Revision as of 20:14, 18 June 2019

Problem

How many ordered four-tuples of integers $(a,b,c,d)\,$ with $0 < a < b < c < d < 500\,$ satisfy $a + d = b + c\,$ and $bc - ad = 93\,$?

Solution

Solution 1

Let $k = a + d = b + c$ so $d = k-a, b=k-c$. It follows that $(k-c)c - a(k-a) = (a-c)(a+c-k) = (c-a)(d-c) = 93$. Hence $(c - a,d - c) = (1,93),(3,31),(31,3),(93,1)$.

Solve them in tems of $c$ to get $(a,b,c,d) = (c - 93,c - 92,c,c + 1),$ $(c - 31,c - 28,c,c + 3),$ $(c - 1,c + 92,c,c + 93),$ $(c - 3,c + 28,c,c + 31)$. The last two solutions don't follow $a < b < c < d$, so we only need to consider the first two solutions.

The first solution gives us $c - 93\geq 1$ and $c + 1\leq 499$ $\implies 94\leq c\leq 498$, and the second one gives us $32\leq c\leq 496$.

So the total number of such four-tuples is $405 + 465 = \huge{\boxed{870}}$.

Solution 2

Let $b = a + m$ and $c = a + m + n$. From $a + d = b + c$, $d = b + c - a = a + 2m + n$.

Substituting $b = a + m$, $c = a + m + n$, and $d = b + c - a = a + 2m + n$ into $bc - ad = 93$, \[bc - ad = (1 + m)(1 + m + n) - a(a + 2m + n) = m(m + n). = 93 = 3(31)\] Hence, $(m,n) = (1,92)$ or $(3,28)$.

For $(m,n) = (1,92)$, we know that $0 < a < a + 1 < a + 93 < a + 94 < 500$, so there are $405$ four-tuples. For $(m,n) = (3,28)$, $0 < a < a + 3 < a + 31 < a + 34 < 500$, and there are $465$ four-tuples. In total, we have $405 + 465 = \boxed{870}$ four-tuples.

Solution 3

Square both sides of the first equation in order to get $bc$ and $ad$ terms, which we can plug $93$ in for.

$(a+d)^2 = (b+c)^2 \implies a^2 + 2ad + d^2 = b^2 + 2bc + c^2 \implies 2bc-2ad = a^2-b^2 + d^2-c^2 \implies 2(bc-ad) = (a-b)(a+b) +(d-c)(d+c)$

We can plug $93$ in for $bc - ad$ to get $186$ on the left side, and also observe that $a-b = c-d$ after rearranging the first equation.

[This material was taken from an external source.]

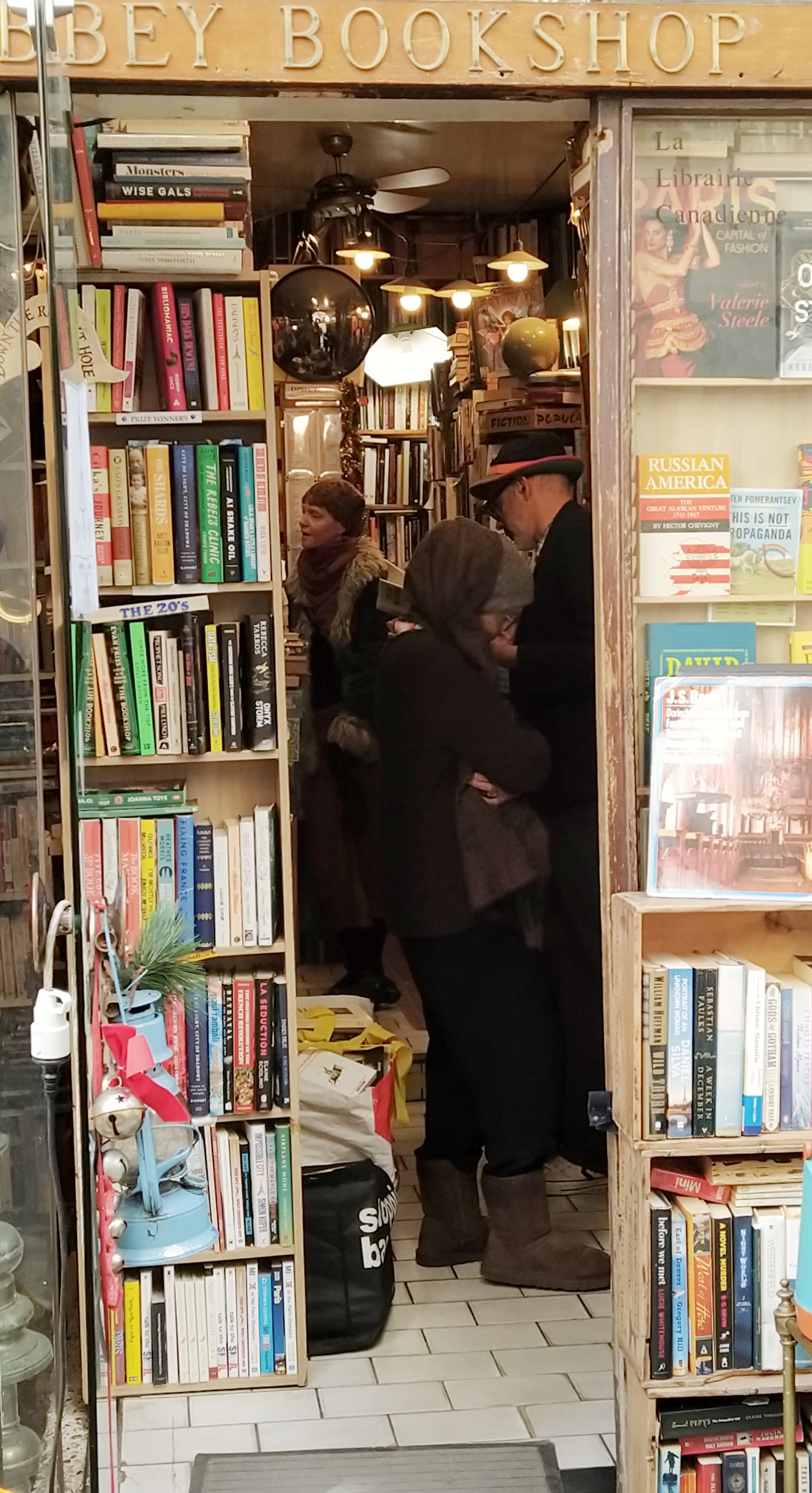 Disappointed yesterday at the poor pickings at Shakespeare and company I read with interest a sticker on a bin (as you do) advertising English books for sale. Back in our room I googled it and discovered it was on our way today. Seeing the enormous maple leaf flag waving outside it would be hard to miss. Finding the books was not as easy. The space inside the shop is cramped with shelves full of books literally from floor to ceiling. The owner, Google says a Canadian, must have heard us hunting for authors C to D but took a while listening to my polite questions before coming out of his tiny space behind a tiny counter and then rolling aside the shelves for A to B and revealing my quarry. I chose an eclectic few which was just as well as, despite being secondhand, they cost 9 euros each. Mind you, he told me we should help ourselves to tea and coffee which was outside on a table and offered me a loyalty card with the possibility of winning a tote bag. My kind of shop!

Plug in $c-d$ for $a-b$.

$186 = (c-d)(a+b) + (d-c)(d+c) \implies 186 = -(d-c)(a+b) + (d-c)(d+c) \implies 186 = (d-c)(d+c-a-b)$

Now observe the possible factors of $186$, which are $1 \cdot 186, 2\cdot 93, 3 \cdot 62, 6\cdot 31$. $(d-c)$ and $(d+c-a-b)$ must be factors of $186$, and $(d+c-a-b)$ must be greater than $(d-c)$.

$1 \cdot 186$ work, and yields $405$ possible solutions. $2 \cdot 93$ does not work, because if $c-d = 2$, then $a+b$ must differ by 2 as well, but an odd number $93$ can only result from two numbers of different parity. $c-d$ will be even, and $a+b$ will be even, so $c+d - (a+b)$ must be even. $3 \cdot 62$ works, and yields $465$ possible solutions, while $6 \cdot 31$ fails for the same reasoning above.

Thus, the answer is $405 + 465 = \boxed{870}$

Solution 4

Add the two conditions together to get $a+d+ad+93=b+c+bc$. Rearranging and factorising with SFFT, $(a+1)(d+1)+93=(b+1)(c+1)$. This implies that for every quadruple $(a,b,c,d)$, we can replace $a\longrightarrow a+1$, $b\longrightarrow b+1$, etc. and this will still produce a valid quadruple. This means, that we can fix $a=1$, and then just repeatedly add $1$ to get the other quadruples.

Now, our conditions are $b+c=d+1$ and $bc=d+93$. Replacing $d$ in the first equation, we get $bc-b-c=92$. Factorising again with SFFT gives $(b-1)(c-1)=93$. Since $b<c$, we have two possible cases to consider.

Case 1: $b=2$, $c=94$. This produces the quadruple $(1,2,94,95)$, which indeed works.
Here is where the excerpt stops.